Obróciwszy się w kierunku wyjścia, dostrzegłeś fragment szaty, a wraz z nią mężczyznę, który z dozą ostrożności, ale wciąż gwałtownie wpadł przez drzwi tawerny. To był Adrian, a zaraz za nim pojawił się jego krasnoludzki towarzysz. Mówili bardzo podniesionymi głosami, wyraźnie przejęci sytuacją, jaką dostrzegli w środku. Ba! Brzmieli już na poruszonych, nim weszli, bo przez krótki moment słyszałeś ich głosy na zewnątrz.

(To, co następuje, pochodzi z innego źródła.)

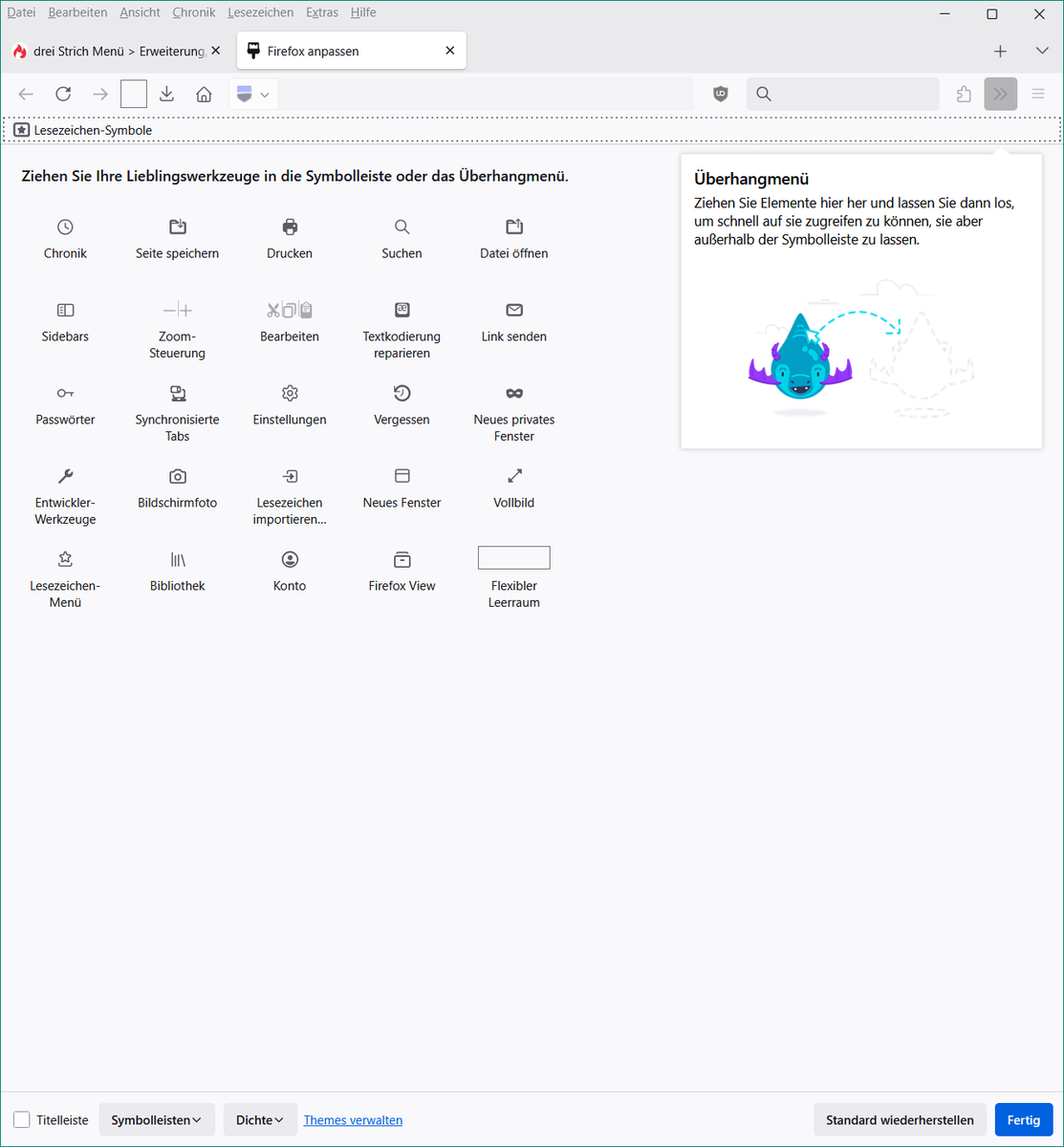 TIPP: Ich hab dafür ein Lesezeichen (about:addons) gesetzt.
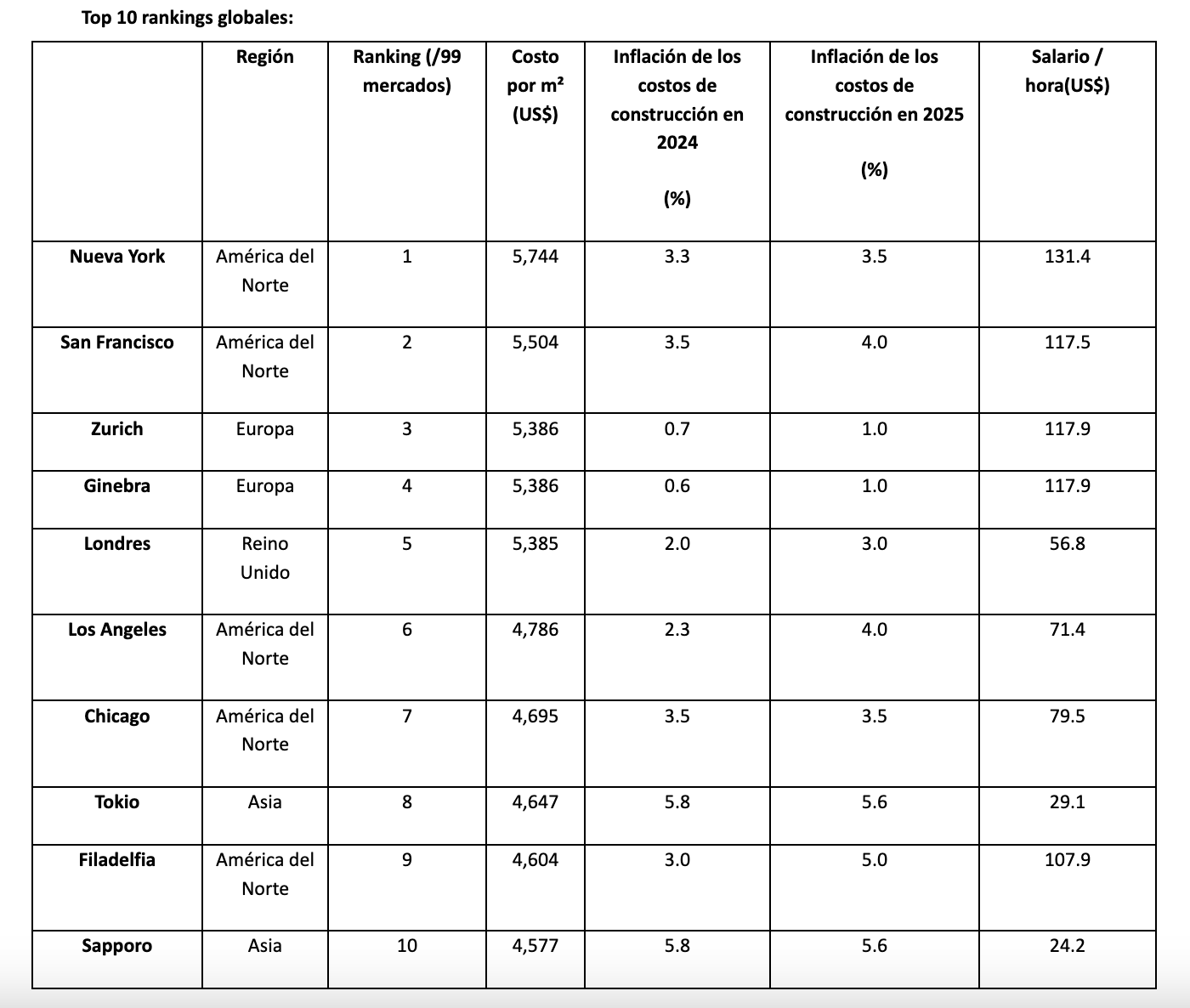 El GCMI muestra que Estados Unidos mantiene una posición dominante en los primeros lugares del ranking de los lugares más costosos para construir. Cinco ciudades estadounidenses se encuentran entre las diez más caras. Nueva York ocupa el primer lugar, con un costo promedio de 5,744 dólares estadounidenses por metro cuadrado, seguida de San Francisco con 5,504 dólares. Los Ángeles (4,786 USD) se posiciona en sexto lugar, Chicago en séptimo (4,695 USD) y Filadelfia en noveno (4,604 USD).

– Nurkh. Statek. Już — Zwrócił się z wyraźnym gniewem na twarzy czarodziej. Obserwował twoje ruchy uważnie, choć bardziej niż ciebie, patrzył na trollicę i na pobojowisko które stworzyłeś. Gestów przy tym mu nie brakowało, choć, nie były niekontrolowane, klasy niższej, a wyraźnie należące do kogoś jego statusu, czarodzieja, dumne i wyniosłe. Momentalnie po wypowiedzianych słowach odezwał się do krasnoludzkiego towarzysza, który wyglądał na zmieszanego. Z jednej strony był rozbawiony, a z drugiej zniesmaczony widokiem, trollicą w sumie też. Skinął głową po westchnięciu na słowa Adriana i wybiegł z tawerny. Od razu usłyszałeś jego głos. Krzyknął coś głośno, najpewniej do załogi, albo rozbijających się po alejkach "ludzi tudzież innych rozumnych istot".
Trollica wstała...
– Ratunek. Czarodziej troskliwy — Odkopała nogą jedno z krzeseł i zaśmiała się. Sprawiała wyraźne wrażenie jakby doskonale rozumiała to co działo się w koło i każde słowo, które padło.
Co teraz Nurkhu? Czas... Chyba wybił.